• A man had two sons…

    This sermon was preached on the fourth Sunday in Lent – 30 March 2025. I’ve not preached very often on the parable of the Prodigal Son as we usually baptise on this Sunday. As I post it, I tip my biretta towards the wonderful Amy-Jill Levine whom I have encountered teaching on this parable. She always gets me thinking…

    Once upon a time, many years ago…

    It was a dark and stormy night…

    A long time ago, in a galaxy far away…

    You wouldn’t believe what happened that day, which seemed like a day just like any other…

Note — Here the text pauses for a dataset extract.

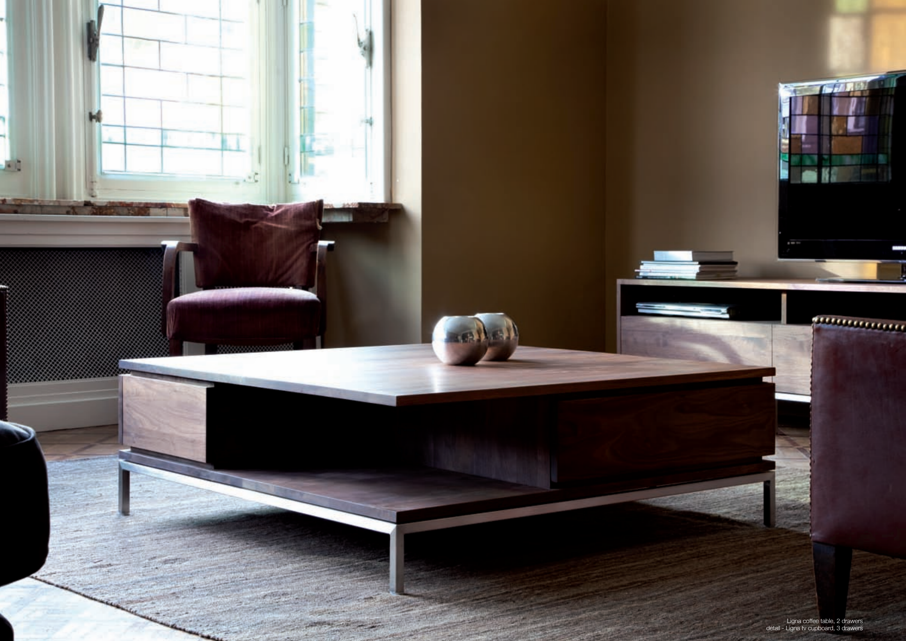
Ligna coffee table, 2 drawers detail - Ligna tv cupboard, 3 drawers

    They are clichés. Tropes. Repetitive pattens. And they tell us to listen up. There’s a story about to begin.

    These are some of the ways in which stories begin in the English language. I suspect that there will be people here who will know how stories begin in other languages too.

    And to Jesus’s listeners, he would have immediately grabbed their attention with his opening line. It was obvious that a story was about to be told.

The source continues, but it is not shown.